THE PROBLEM: Below are some records. Quote exactly the lines from the one that contains "A-Junioren Vizekreismeister 2005/06" through the last, both included, and leave out the pictures.

[Stored data entries]
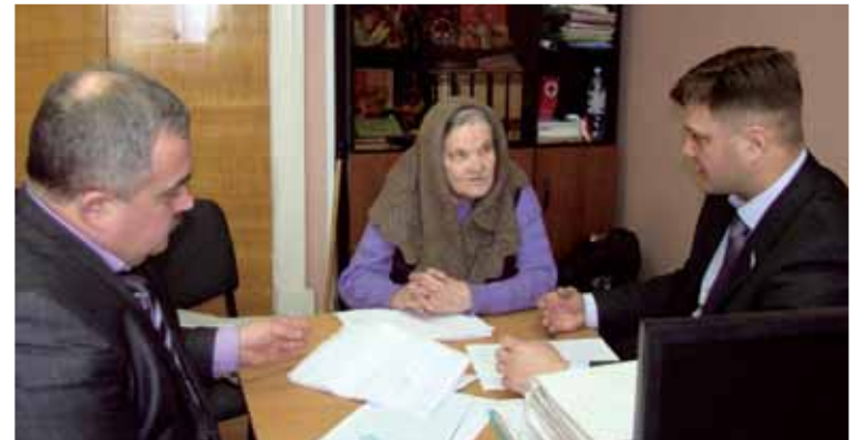
Депутаты ведут прием по личным вопросам

ков в райцентре пришли на прием к депутатам с просьбой проконтролировать, исполнит ли свое обещание руководство местного МУП «ЖКХ». Когда стояли сильные морозы, в квартирах этого дома температура была не более 15 градусов. Управляющая компания в ответ на возмущение жильцов пообещала провести перерасчет по оплате за потребленное тепло. Антроповцы надеются, что при вмешательстве областных депутатов МУП «ЖКХ» не забудет об этом.
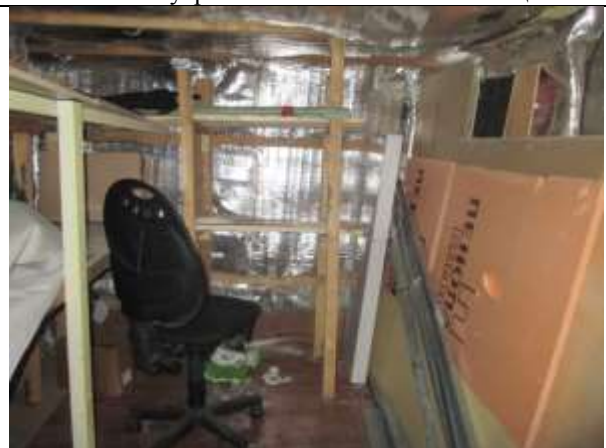
Фото 12. Внутреннее состояние Объекта оценки
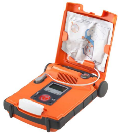
Défibrillateur Powerheart G5 Cardiac Science
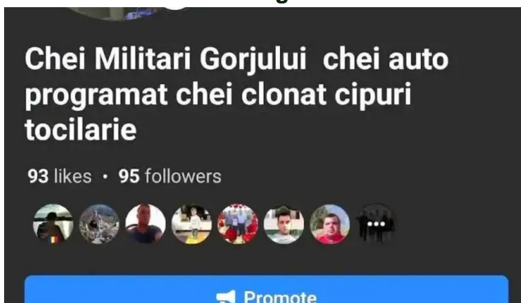
Chei militari gorjului chei chei autoprogramat chei clonat cipuri tociarie videoclipuri
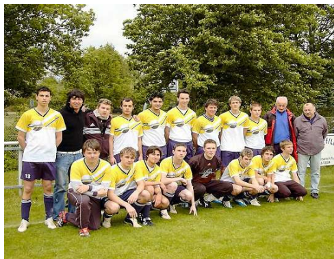
A-Junioren Vizekreismeister 2005/06
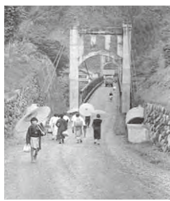
現在の前の木造吊り橋 (昭和30年頃)
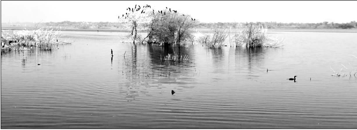
कानोता बांध को जिस उद्देश्य के लिए बनाया गया था आज वह उद्देश्य पूरी तरह मर चुका है।

इस बांध में पानी की आवक से आसपास का जलस्तर ऊंचा जरूर हुआ है, लेकिन सिंचाई के लिए बनी नहरों में पानी न छोड़े जाने से नहरों के आसपास गांवों में सिंचाई लुप्त होने के कगार पर है। बांध निर्माण के शुक्रवाती दिनों में तो इसका उपयोग सिंचाई एवं पीने के पानी के रूप में किया गया लेकिन वर्तमान में यह बांध सिंचाई एवं पीने के पानी के लिए अनुपयोगी साबित हो रहा है। इतना ही नहीं अब तो इस बांध में भरने वाला पानी पशु-पक्षियों एवं मछलियों के लिए मौत का कारण भी बन रहा है। इसका कारण इस बांध में जयपुर शहर के साथ ही जलमहल से आने वाला गंदा एवं कैमिकल युक्त पानी है। इस

OUTPUT:
A-Junioren Vizekreismeister 2005/06
現在の前の木造吊り橋 (昭和30年頃)
कानोता बांध को जिस उद्देश्य के लिए बनाया गया था आज वह उद्देश्य पूरी तरह मर चुका है।

इस बांध में पानी की आवक से आसपास का जलस्तर ऊंचा जरूर हुआ है, लेकिन सिंचाई के लिए बनी नहरों में पानी न छोड़े जाने से नहरों के आसपास गांवों में सिंचाई लुप्त होने के कगार पर है। बांध निर्माण के शुक्रवाती दिनों में तो इसका उपयोग सिंचाई एवं पीने के पानी के रूप में किया गया लेकिन वर्तमान में यह बांध सिंचाई एवं पीने के पानी के लिए अनुपयोगी साबित हो रहा है। इतना ही नहीं अब तो इस बांध में भरने वाला पानी पशु-पक्षियों एवं मछलियों के लिए मौत का कारण भी बन रहा है। इसका कारण इस बांध में जयपुर शहर के साथ ही जलमहल से आने वाला गंदा एवं कैमिकल युक्त पानी है। इस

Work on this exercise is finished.